### EXERCISE REQUIREMENTS
Your output should be the entries below, from the first line up to and including the line with "- Incluye figuras", reproduced exactly and with no other lines.

### AVAILABLE RECORDS
○ ○ ○

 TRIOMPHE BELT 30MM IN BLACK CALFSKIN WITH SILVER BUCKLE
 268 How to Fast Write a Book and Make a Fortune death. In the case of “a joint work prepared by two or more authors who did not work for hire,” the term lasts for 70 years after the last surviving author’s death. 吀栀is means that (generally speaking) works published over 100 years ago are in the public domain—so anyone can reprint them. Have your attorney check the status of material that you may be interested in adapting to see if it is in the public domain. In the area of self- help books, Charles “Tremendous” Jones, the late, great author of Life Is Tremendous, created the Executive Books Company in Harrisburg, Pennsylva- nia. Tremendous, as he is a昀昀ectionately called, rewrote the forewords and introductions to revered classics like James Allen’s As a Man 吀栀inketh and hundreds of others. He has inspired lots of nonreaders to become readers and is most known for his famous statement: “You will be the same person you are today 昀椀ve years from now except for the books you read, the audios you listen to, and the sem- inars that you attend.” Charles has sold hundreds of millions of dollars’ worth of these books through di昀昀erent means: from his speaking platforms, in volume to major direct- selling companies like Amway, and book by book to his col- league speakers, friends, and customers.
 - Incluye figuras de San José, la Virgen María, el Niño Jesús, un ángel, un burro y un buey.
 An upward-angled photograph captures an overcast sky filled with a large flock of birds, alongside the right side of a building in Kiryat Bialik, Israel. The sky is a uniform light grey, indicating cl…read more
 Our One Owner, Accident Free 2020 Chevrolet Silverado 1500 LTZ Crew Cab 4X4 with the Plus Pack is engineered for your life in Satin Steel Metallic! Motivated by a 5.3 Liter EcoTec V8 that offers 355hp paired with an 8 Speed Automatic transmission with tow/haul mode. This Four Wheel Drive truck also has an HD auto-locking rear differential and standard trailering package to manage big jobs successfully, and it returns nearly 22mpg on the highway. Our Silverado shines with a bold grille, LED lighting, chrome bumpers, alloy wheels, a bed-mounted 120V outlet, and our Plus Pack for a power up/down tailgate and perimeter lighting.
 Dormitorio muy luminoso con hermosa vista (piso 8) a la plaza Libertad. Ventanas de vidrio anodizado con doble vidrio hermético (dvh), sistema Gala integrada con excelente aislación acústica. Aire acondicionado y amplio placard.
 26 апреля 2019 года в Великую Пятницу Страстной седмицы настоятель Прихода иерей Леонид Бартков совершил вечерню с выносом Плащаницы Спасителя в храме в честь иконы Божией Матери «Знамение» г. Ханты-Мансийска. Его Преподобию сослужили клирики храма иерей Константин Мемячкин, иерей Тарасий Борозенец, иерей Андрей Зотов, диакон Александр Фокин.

○ ○ ○

### EXPECTED ANSWER
 TRIOMPHE BELT 30MM IN BLACK CALFSKIN WITH SILVER BUCKLE
 268 How to Fast Write a Book and Make a Fortune death. In the case of “a joint work prepared by two or more authors who did not work for hire,” the term lasts for 70 years after the last surviving author’s death. 吀栀is means that (generally speaking) works published over 100 years ago are in the public domain—so anyone can reprint them. Have your attorney check the status of material that you may be interested in adapting to see if it is in the public domain. In the area of self- help books, Charles “Tremendous” Jones, the late, great author of Life Is Tremendous, created the Executive Books Company in Harrisburg, Pennsylva- nia. Tremendous, as he is a昀昀ectionately called, rewrote the forewords and introductions to revered classics like James Allen’s As a Man 吀栀inketh and hundreds of others. He has inspired lots of nonreaders to become readers and is most known for his famous statement: “You will be the same person you are today 昀椀ve years from now except for the books you read, the audios you listen to, and the sem- inars that you attend.” Charles has sold hundreds of millions of dollars’ worth of these books through di昀昀erent means: from his speaking platforms, in volume to major direct- selling companies like Amway, and book by book to his col- league speakers, friends, and customers.
 - Incluye figuras de San José, la Virgen María, el Niño Jesús, un ángel, un burro y un buey.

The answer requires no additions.